В целом же, я полагаю, что и духовное и материальное есть лишь различные атрибуты единосущего бытия мироздания, дуалистически разделенные только в нашей мысли. Не вдаваясь в освещение конкретных причин этого феномена, укажу лишь на то, что, на мой взгляд, хорошо известный истории философии непримиримый дуализм мышления, вызвавший фундаментальное деление последней на два основных течения – материализм и идеализм – скорее всего не является врожденным свойством человеческого ума, а обусловлен особенностями начального этапа развития философского познания мира.
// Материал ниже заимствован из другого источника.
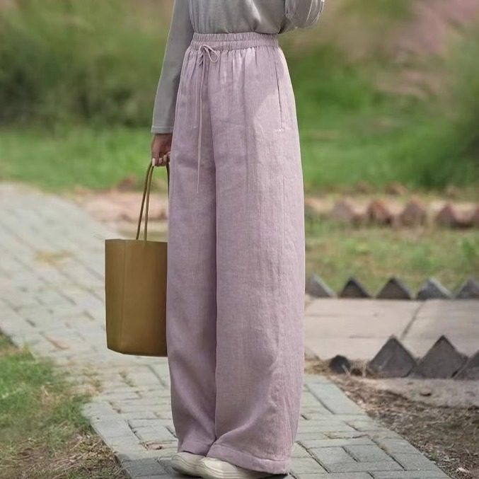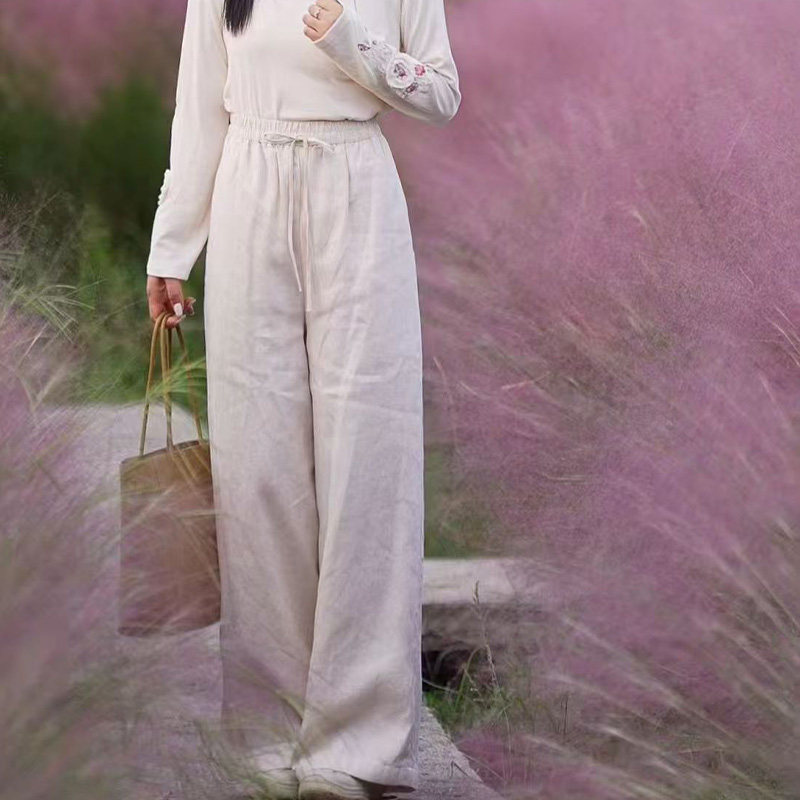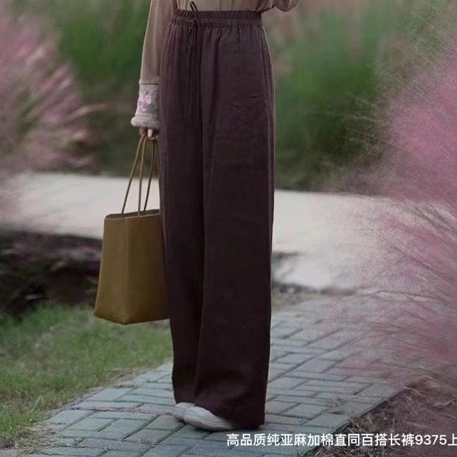 梅子家国风亚麻加棉保暖直筒棉裤2025新款女士冬季显瘦百搭长裤
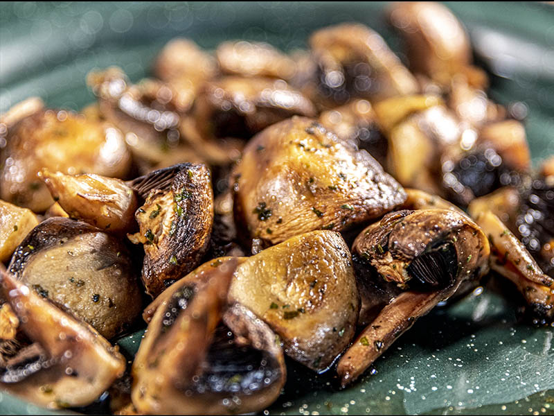 Champiñones salteados en la plancha, cocinados con aceite de oliva, sal, pimienta y perejil.

Сложившаяся традиция, обратной стороной которой является альтернативная монистическая ориентация философской мысли, обусловила возникновение некоего устойчивого стереотипа философского и общественного сознания, унаследованного нами от предшествующих поколений и потому с принудительной силой предопределившего особенности современного философского мышления. В силу сказанного, я не могу исключить то, что если истина этого вопроса, которая, надеюсь, рано или поздно станет достоянием человечества, кроется в своеобразном синтезе означенных противоположностей, и данное направление утвердится когда-либо в философии в качестве господствующего, отмеченный стереотип сознания будет, вероятно, изменен.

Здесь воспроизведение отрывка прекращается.